To address the gap in the literature, the present study aimed to explore the most powerful systemic inflammation markers for survival outcomes in LARC patients and construct prognostic predictive nomograms.

Patients and Method

Patients

In this study, we retrospectively analyzed 472 LARC patients who underwent NCRT and radical resection between 2011 and 2015. The patient inclusion criteria and exclusion criteria were reported in our previous study12,13. Tumor staging was evaluated by digital rectal examination, colonoscopy, chest radiography or CT, abdominopelvic MRI, and transrectal ultrasound (ERUS). Preoperative radiation and concurrent chemotherapy were performed in accordance with our previous study. Surgery was performed 6–10 weeks after the end of radiation. Total mesorectal excision and high ligation of the inferior mesenteric artery were surgical techniques routinely performed at our institution. About one month after surgery, the patients received postoperative adjuvant chemotherapy for six months according to the NCCN guidelines14. The follow-up protocol was also conducted according to the NCCN guidelines14. Briefly, in the first three years, the patients were followed-up every three months, except for tumor recurrence examinations, then biannually for the next two years, and annually thereafter. The last follow-up cutoff date was December 31, 2018.

Definitions

The pathological tumor regression grade (TRG)15 was used to evaluate the tumor response to NCRT. Pathologic complete response (pCR) was defined as no residual tumor cells in the resected specimen, including the primary site and lymph nodes. Venous blood samples were obtained within one week before NCRT. The systematic inflammatory markers were calculated using the following equations: SII = platelet count × (neutrophil count/lymphocyte count), NLR = neutrophil count/lymphocyte count, PLR = platelet count/lymphocyte count, and MLR = monocyte count/lymphocyte count.

Statistical analysis

The Statistic Package for Social Science (SPSS, version 23.0) and the R software package version 3.5.1 were used to perform the statistical analyses.
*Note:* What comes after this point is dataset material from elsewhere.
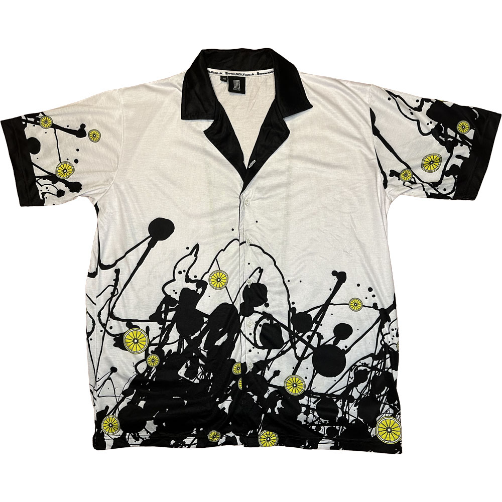 A button-up, revere-collared shirt loosely based on the single artwork for The Stone Roses' 1989 single "Made Of Stone". The shirt features a black and white "paint splatter" colour scheme, interspersed with John Squire's iconic lemon motifs, and contrasting black collar and cuffs.

Chi-squared or Fisher’s exact test was used to assess the categorical variables. Continuous variables were assessed via the analysis of variance (ANOVA). The X-tile program (http://www.tissuearray.org/rimmlab/) was used to calculate and determine the best cutoff points for the SII, NLR, PLR, and MLR counts16. The Kaplan-Meier method and log-rank test were performed to evaluate the survival outcomes. The risk factors for overall survival (OS) and disease-free survival (DFS) were calculated by the Cox proportional hazards model. Based on the Cox regression model analysis, a nomogram was developed by using the R software. Time-dependent ROC curves were plotted to evaluate the performance of the nomogram. Statistical significance was defined as P < 0.05.

Results

Cutoff values for SII, NLR, PLR, and MLR

A total of 472 LARC patients (313 men and 159 women) were eligible for analysis in this study. The clinicopathological characteristics of the LARC patients are summarized in Supplementary Table 1. As seen in Fig. 1A,B, and Supplementary Figure 1, X-tile plots identified 797.6. 2.3, 169.5, and 0.4 as cutoff values for SII, NLR, PLR, and MLR, respectively. Based on the above cutoff points, we divided the entire cohort into low and high OS and DFS subgroups.

Figure 1
figure 1

Cutoff points for NLR counts determined by the X-tile program. X-tile analysis divided the entire cohort into training sets (shown in the upper-left quartile of A) and matched validation sets (shown in the bottom X-axis of A) based on patient survival data. The black dot in the validation set represents the exact cutoff values for the NLR count. The entire cohort was divided into low (blue) and high (gray) NLR count groups based on the optimal cutoff point (2.3), as shown in a histogram of the entire cohort (B), a Kaplan-Meier curve of overall survival (C), and disease-free survival (D) for the optimal cutoff point of the NLR counts.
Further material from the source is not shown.